A comprehensive analysis of code and data availability in biomedical research

Dhrithi Deshpande0, Ruiwei Guo0, Serghei Mangul1
(0) University of Southern California, Los Angeles
(1) University of Southern California

Find me on Wed Nov 25th, 1:30-2:50pm AEDT in Remo, table 74

Abstract
In biomedical research, it is not only imperative to publish a detailed description of the study design, methodology, results and interpretation, but, there is a pressing need to make all the biomedical data and code used for scientific analyses sharable, well documented and reproducible. Analytical code and data availability is consequential for ensuring scientific transparency and reproducibility.
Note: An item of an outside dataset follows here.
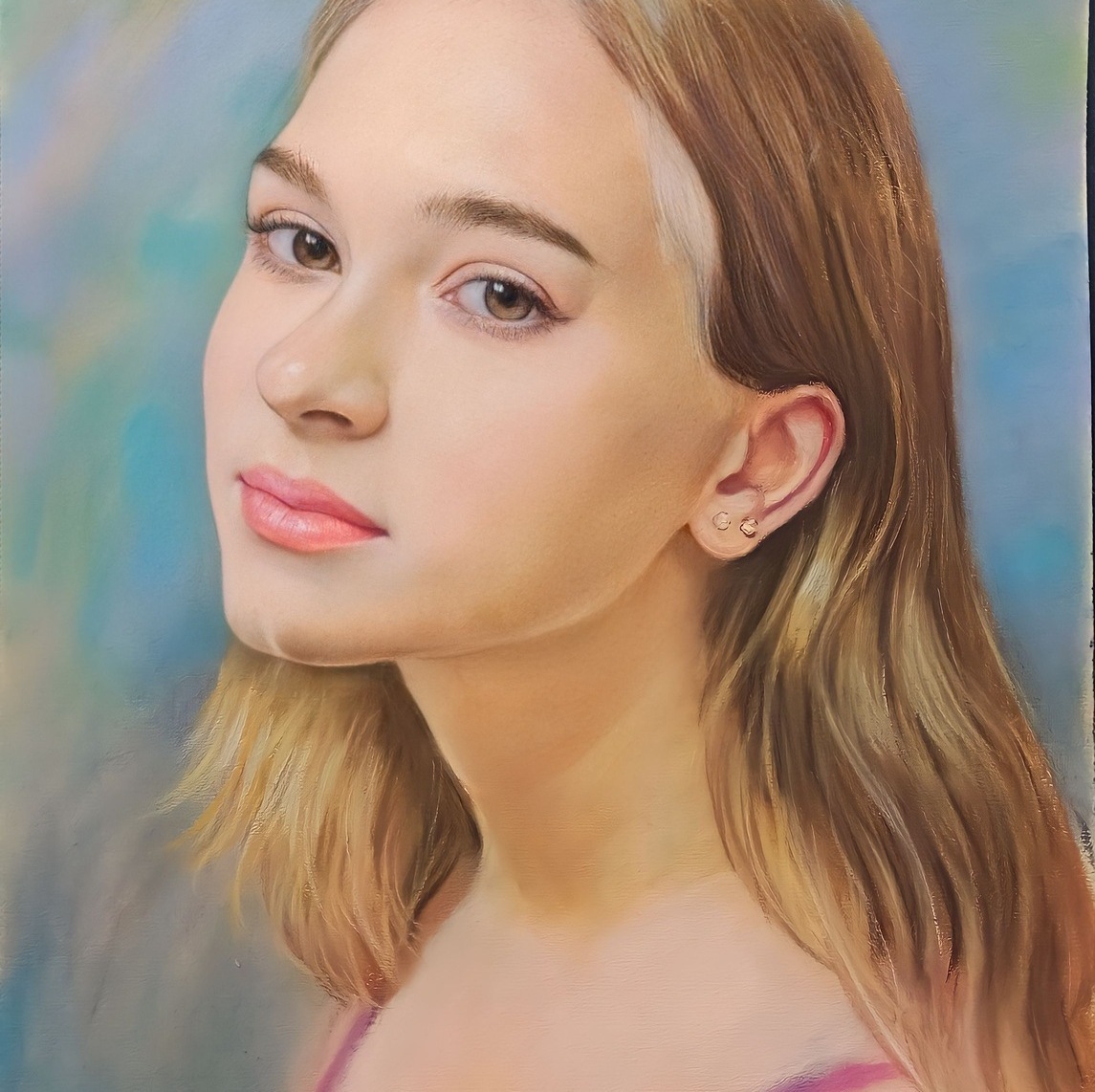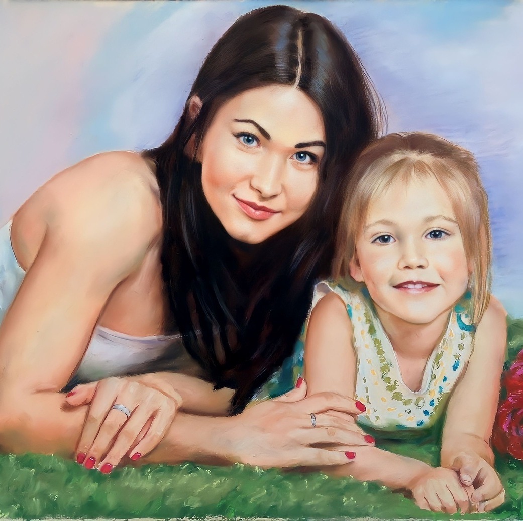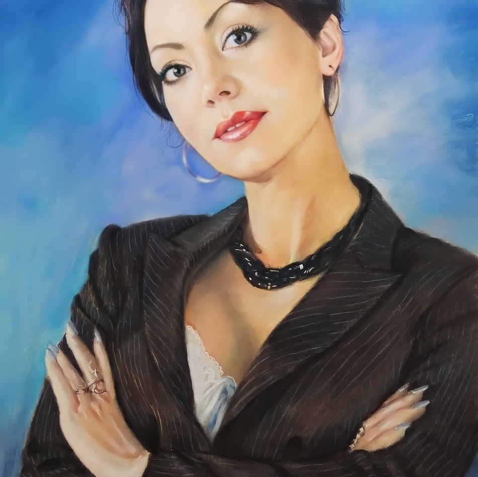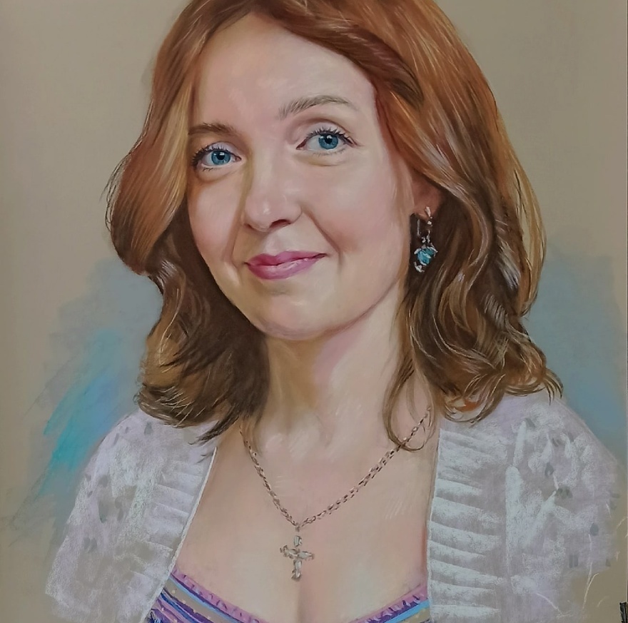 Пастельные портреты популярны именно из-за своих мягких полутонов и плавных переходов. По выразительности и глубине они могут не уступать даже масляной живописи, но при этом смотрятся легче и деликатнее. Эта техника позволяет создать не только реалистичный портрет, но и более художественный образ — с тонкой атмосферой и красивым настроением.

However, raw data is not sufficient to make scientific analyses reproducible. We have reviewed the code and data availability in 11 different prominent biomedical journals published between 2016-2020 and our current results indicate that while the majority of articles comply with the data sharing policies of journals, most of them are not accompanied with code. 98.5% of the research papers have data availability whereas only a meagre 40.9% of the research papers have code available. A majority, 59.1% of the studies do not share their code. Code sharing can warrant for reproducibility of the scientific analyses and transparency. For those research papers which do share code, we further intend to verify whether the code is usable and reproducible. We also plan to extend our survey to corroborate if every figure in the article is backed up by code and attempt to run the code to evaluate its reproducibility and the language used for data analysis. We hope our results will abet the researchers and journals in adoption of best practices to ensure scientific transparency and reproducibility.